__Exercise requirements__:
When you reach the line with "學校停車棚成了災民臨時住處，每條棉被的後面，住著一個無家可歸的家庭。" in the records below, begin transcribing exactly and continue up to and including the line with "Opel Vivaro o wartości 36 160,00", leaving out every picture.

__The input__:
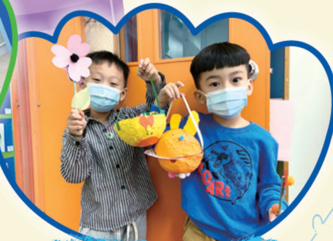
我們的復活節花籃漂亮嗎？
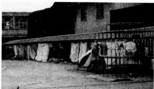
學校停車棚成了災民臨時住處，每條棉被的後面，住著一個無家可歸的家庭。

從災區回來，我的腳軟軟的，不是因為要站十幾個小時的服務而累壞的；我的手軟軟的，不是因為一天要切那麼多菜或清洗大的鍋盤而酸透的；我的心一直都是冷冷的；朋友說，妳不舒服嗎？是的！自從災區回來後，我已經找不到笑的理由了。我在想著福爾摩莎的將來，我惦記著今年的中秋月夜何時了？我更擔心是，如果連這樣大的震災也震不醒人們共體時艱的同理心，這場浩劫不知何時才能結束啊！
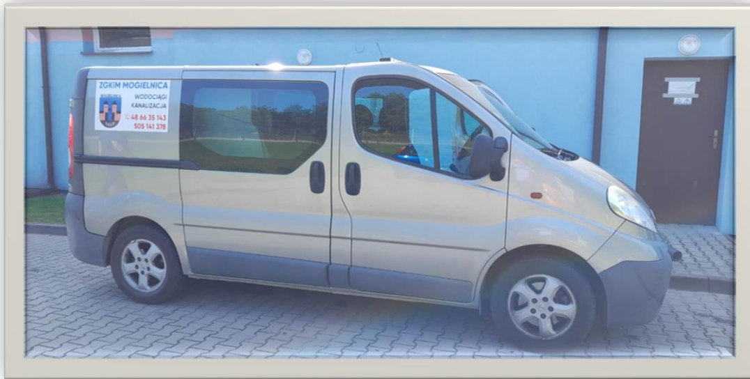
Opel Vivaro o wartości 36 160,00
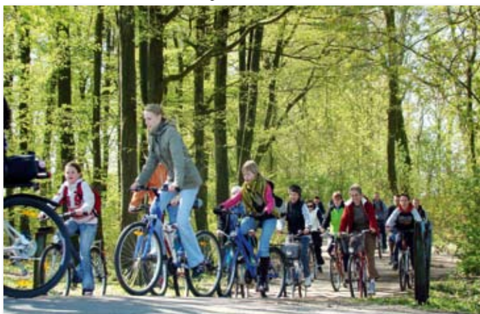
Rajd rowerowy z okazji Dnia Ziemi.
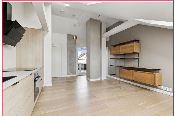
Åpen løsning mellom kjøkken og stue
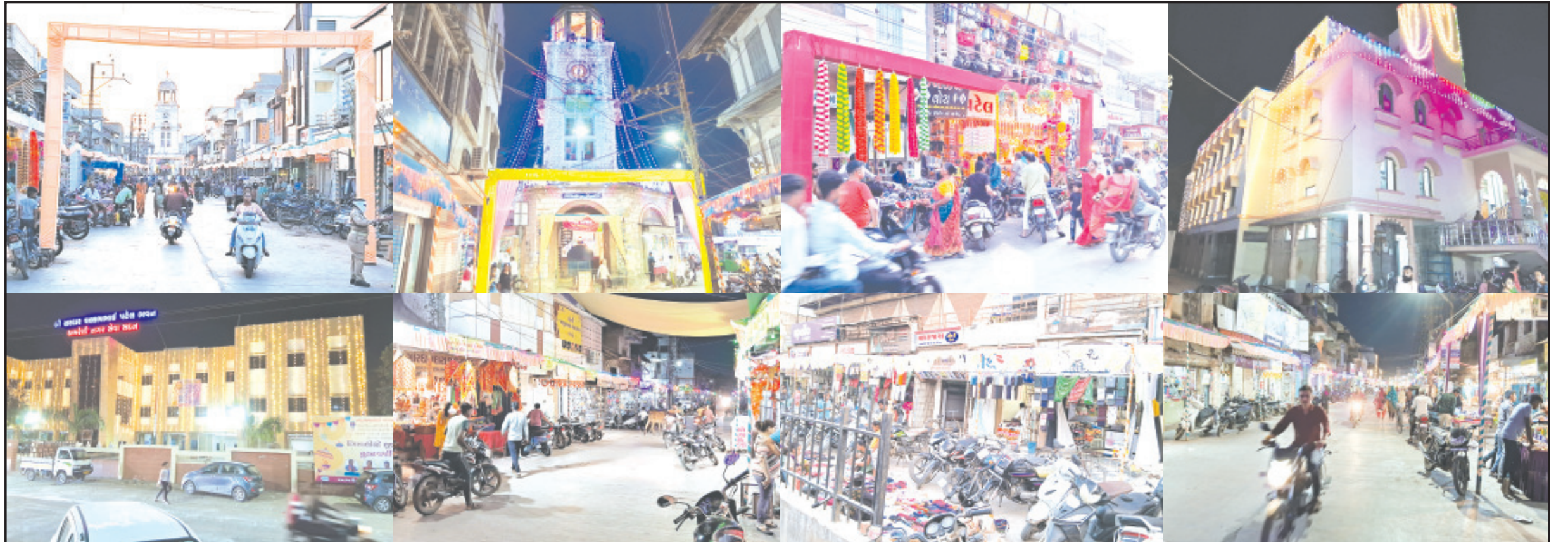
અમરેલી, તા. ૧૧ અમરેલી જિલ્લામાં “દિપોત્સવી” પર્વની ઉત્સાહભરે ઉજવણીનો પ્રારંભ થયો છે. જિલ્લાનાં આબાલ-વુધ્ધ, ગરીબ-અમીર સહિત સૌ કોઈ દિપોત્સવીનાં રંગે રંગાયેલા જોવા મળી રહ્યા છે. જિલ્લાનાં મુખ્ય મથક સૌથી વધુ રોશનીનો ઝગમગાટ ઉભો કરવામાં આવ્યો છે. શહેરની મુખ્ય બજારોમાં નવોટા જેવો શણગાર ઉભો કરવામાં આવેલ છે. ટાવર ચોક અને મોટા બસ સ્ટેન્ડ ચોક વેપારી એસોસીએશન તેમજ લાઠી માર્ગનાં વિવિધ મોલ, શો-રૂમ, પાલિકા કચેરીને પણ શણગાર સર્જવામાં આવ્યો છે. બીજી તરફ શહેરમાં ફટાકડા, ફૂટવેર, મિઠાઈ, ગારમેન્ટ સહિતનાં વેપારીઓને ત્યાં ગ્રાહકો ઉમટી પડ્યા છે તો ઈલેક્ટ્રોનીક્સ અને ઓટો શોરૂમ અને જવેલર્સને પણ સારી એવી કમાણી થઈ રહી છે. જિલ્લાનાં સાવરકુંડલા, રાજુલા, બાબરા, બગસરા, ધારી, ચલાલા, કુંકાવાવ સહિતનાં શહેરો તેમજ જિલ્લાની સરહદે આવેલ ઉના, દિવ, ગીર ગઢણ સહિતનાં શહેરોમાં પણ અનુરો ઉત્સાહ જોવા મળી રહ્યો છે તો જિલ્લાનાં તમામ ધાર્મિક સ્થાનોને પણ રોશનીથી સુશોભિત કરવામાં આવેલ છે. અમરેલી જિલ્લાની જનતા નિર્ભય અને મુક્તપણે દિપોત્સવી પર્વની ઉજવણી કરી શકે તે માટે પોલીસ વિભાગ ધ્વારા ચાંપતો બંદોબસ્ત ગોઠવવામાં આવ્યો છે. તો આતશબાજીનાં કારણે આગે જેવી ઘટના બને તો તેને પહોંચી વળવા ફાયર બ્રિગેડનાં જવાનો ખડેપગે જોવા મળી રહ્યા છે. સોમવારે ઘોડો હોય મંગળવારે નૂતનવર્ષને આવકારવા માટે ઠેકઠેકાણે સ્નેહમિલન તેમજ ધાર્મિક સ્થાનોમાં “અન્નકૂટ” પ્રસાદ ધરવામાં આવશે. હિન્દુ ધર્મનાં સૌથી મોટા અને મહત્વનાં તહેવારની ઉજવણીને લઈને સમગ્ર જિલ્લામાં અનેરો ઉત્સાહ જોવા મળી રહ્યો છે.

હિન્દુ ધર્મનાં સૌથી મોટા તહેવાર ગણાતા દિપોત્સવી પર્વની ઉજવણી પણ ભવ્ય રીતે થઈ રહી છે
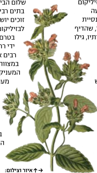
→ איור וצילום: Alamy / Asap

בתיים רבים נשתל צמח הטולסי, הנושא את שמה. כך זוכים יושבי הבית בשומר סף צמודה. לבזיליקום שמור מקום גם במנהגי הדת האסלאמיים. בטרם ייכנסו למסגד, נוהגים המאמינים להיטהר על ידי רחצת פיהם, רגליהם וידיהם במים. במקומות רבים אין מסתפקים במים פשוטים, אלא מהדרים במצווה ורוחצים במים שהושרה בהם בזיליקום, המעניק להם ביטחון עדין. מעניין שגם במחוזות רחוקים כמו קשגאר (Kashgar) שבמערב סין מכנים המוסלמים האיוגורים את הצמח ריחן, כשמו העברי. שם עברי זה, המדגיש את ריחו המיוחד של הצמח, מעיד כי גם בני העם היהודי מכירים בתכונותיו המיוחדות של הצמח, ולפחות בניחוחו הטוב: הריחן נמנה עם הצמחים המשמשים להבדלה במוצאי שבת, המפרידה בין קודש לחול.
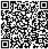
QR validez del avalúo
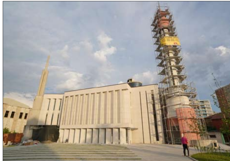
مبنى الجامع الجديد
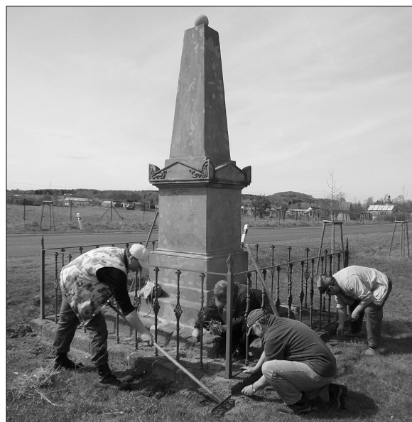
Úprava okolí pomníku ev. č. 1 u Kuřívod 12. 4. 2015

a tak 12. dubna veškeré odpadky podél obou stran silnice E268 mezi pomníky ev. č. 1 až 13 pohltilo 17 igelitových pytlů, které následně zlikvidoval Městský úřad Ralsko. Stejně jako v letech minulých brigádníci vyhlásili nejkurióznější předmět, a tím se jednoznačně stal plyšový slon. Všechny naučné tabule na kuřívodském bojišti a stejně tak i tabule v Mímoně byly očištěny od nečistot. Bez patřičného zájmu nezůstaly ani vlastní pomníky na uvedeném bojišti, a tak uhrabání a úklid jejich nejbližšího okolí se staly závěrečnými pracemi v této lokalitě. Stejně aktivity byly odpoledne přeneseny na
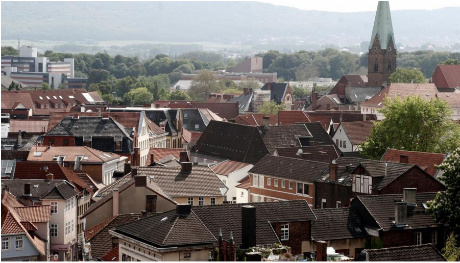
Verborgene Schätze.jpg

__The completed task__:
學校停車棚成了災民臨時住處，每條棉被的後面，住著一個無家可歸的家庭。

從災區回來，我的腳軟軟的，不是因為要站十幾個小時的服務而累壞的；我的手軟軟的，不是因為一天要切那麼多菜或清洗大的鍋盤而酸透的；我的心一直都是冷冷的；朋友說，妳不舒服嗎？是的！自從災區回來後，我已經找不到笑的理由了。我在想著福爾摩莎的將來，我惦記著今年的中秋月夜何時了？我更擔心是，如果連這樣大的震災也震不醒人們共體時艱的同理心，這場浩劫不知何時才能結束啊！
Opel Vivaro o wartości 36 160,00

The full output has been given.